Why we need more financing to achieve quality education for all
Focused on the most pressing issues that education faces today, the Global Education Meeting, ended with two main take-aways: the need to mobilize more resources to achieve SDG 4 and have major education funders align their financing behind strong education plans.
December 04, 2018 by Raphaelle Martinez, GPE Secretariat, and Michael Ward, OECD
4 minutes read
Girl sits on outside porch steps reading a book. Honduras.  Credit: GPE/Paul Martinez
Girl sits on outside porch steps reading a book. Honduras.

Credit: GPE/Paul Martinez

Yesterday, representatives from multilateral organizations, civil society, philanthropic foundations and the private sector gathered in Brussels for the Global Education Meeting (GEM) – a conference, convened by UNESCO, that focuses on the most pressing issues facing education today.  For the first time since the adoption of the Sustainable Development Goal for Education (SDG 4) in 2015, policy makers and education experts came together to take stock of the progress made towards achieving this goal, and the challenges that remain. Their discussions couldn’t come at a more critical time.

A learning crisis that needs to be fixed

The world today is facing a learning crisis, with more than 260 million children, adolescents and youth not in school, and 617 million (six out of ten) not being able to read a simple sentence or perform basic maths.

Yet education remains critically underfunded across the world. If we are to achieve SDG 4, low- and lower-middle-income countries will need to close an annual funding gap of US$39 billion.

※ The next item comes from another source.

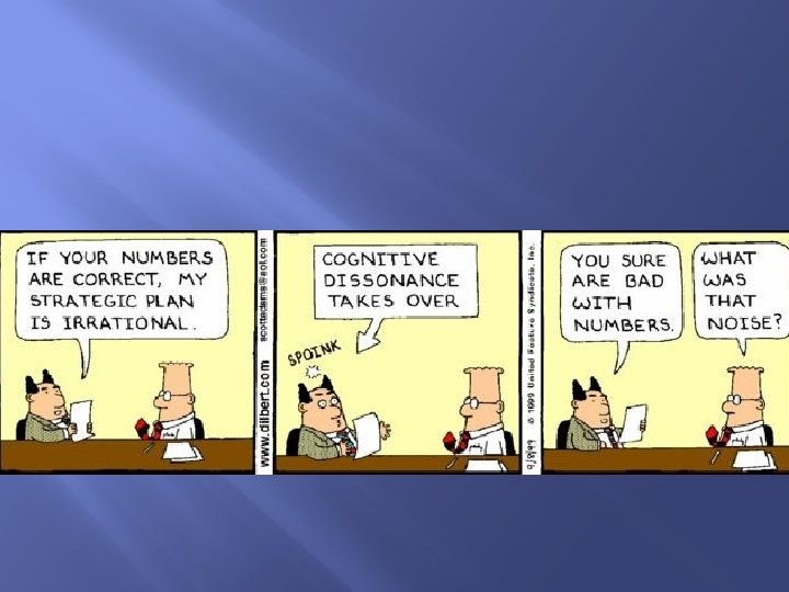 Cognitive Dissonance � � � We expect consistency in our beliefs and actions When your behavior and attitudes don’t agree War in Iraq – WMD
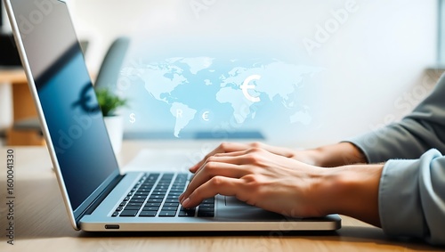 Business professional using a laptop for international finance, with a holographic world map and currency sign projection. Fintech and global trade concept.

It is therefore urgent to explore current trends in education financing, and to identify challenges and opportunities to invest in quality, equitable education.

Investment is key

This is exactly what we did in one GEM workshop, which focused on how to bridge the funding gap to achieve SDG 4. The workshop brought together representatives of the Global Partnership for Education and the OECD, as well as UNESCO colleagues and representatives from a wide range of countries: Bangladesh, Brazil, China, France, Kenya, Mongolia and Norway. Representatives from civil society and private foundations also participated in the workshop.

We discussed three key issues:

  • How to increase domestic resources for education without adding to the burden of poor households
  • How to increase international resources for education and improve aid delivery mechanisms
  • How to allocate and use resources for education more effectively to ensure equity.

The workshop opened with an overview of current trends in education financing, including the latest data on aid to education, and domestic resource mobilization and spending. We also explored which funding policies lead to better quality and equity in education. Participants recommended policy solutions to ensure that funding to achieve SDG 4 not only increases dramatically but is effectively allocated and targeted to reach countries and populations with the greatest needs.

Mobilizing more domestic resources for education

We also examined how to mobilize greater domestic resources, and effectively distribute them to help achieve countries’ educational objectives. Countries still need to do more to meet their commitments on education spending, while focusing on spending resources well and ensuring that they reach the most marginalized populations, including migrants.

Domestic resources account for most global education expenditure, and their share is rising thanks to increased tax revenue. But national governments are not prioritizing education, and education budgets are not reaching those in greatest need. As a result, the household costs associated with education remain a disproportionate burden for families who cannot afford to send their children to school.

Innovative mechanisms to increase aid for education

Development assistance plays a key role, as well. Aid to the education sector, by both volume and as a share of total aid, has reached its highest levels since 2002. But current levels are still not enough to close the US$39 billion annual financing gap to achieve SDG 4, and humanitarian aid to education still falls short of the recommended 4% of all humanitarian aid. We discussed what must be done to reverse these trends, including innovative, non-traditional sources of development assistance, results-based aid and triangular cooperation.

Key messages

At the end of our discussions, our moderator, Fanny Benedetti of the Ministry of Foreign Affairs of France, summarized the main takeaways from our workshop. She noted that the world needs to mobilize additional resources and increase domestic spending for education. Heads of state and finance ministers must take the lead on this, and donor countries must mobilize more foreign assistance for education.

Donors must honour their commitment to aid targets (0.7% of GNI) and allocate at least 10% of their development assistance to education. Ms. Benedetti also identified the need for national governments to more effectively allocate and deploy domestic and foreign resources for education, targeting those who are most disadvantaged. Peer learning among countries can help meet this goal.

By the end of the GEM, it became clear that if we are to achieve SDG 4, the international community will need to draw from both domestic and international resources, as well as non-traditional sources. Most importantly, to have the most sustainable impact, it is critical for all major funders of education – governments, aid agencies, philanthropic organizations and the private sector – to align their financing behind strong national plans to provide free, and quality education for all.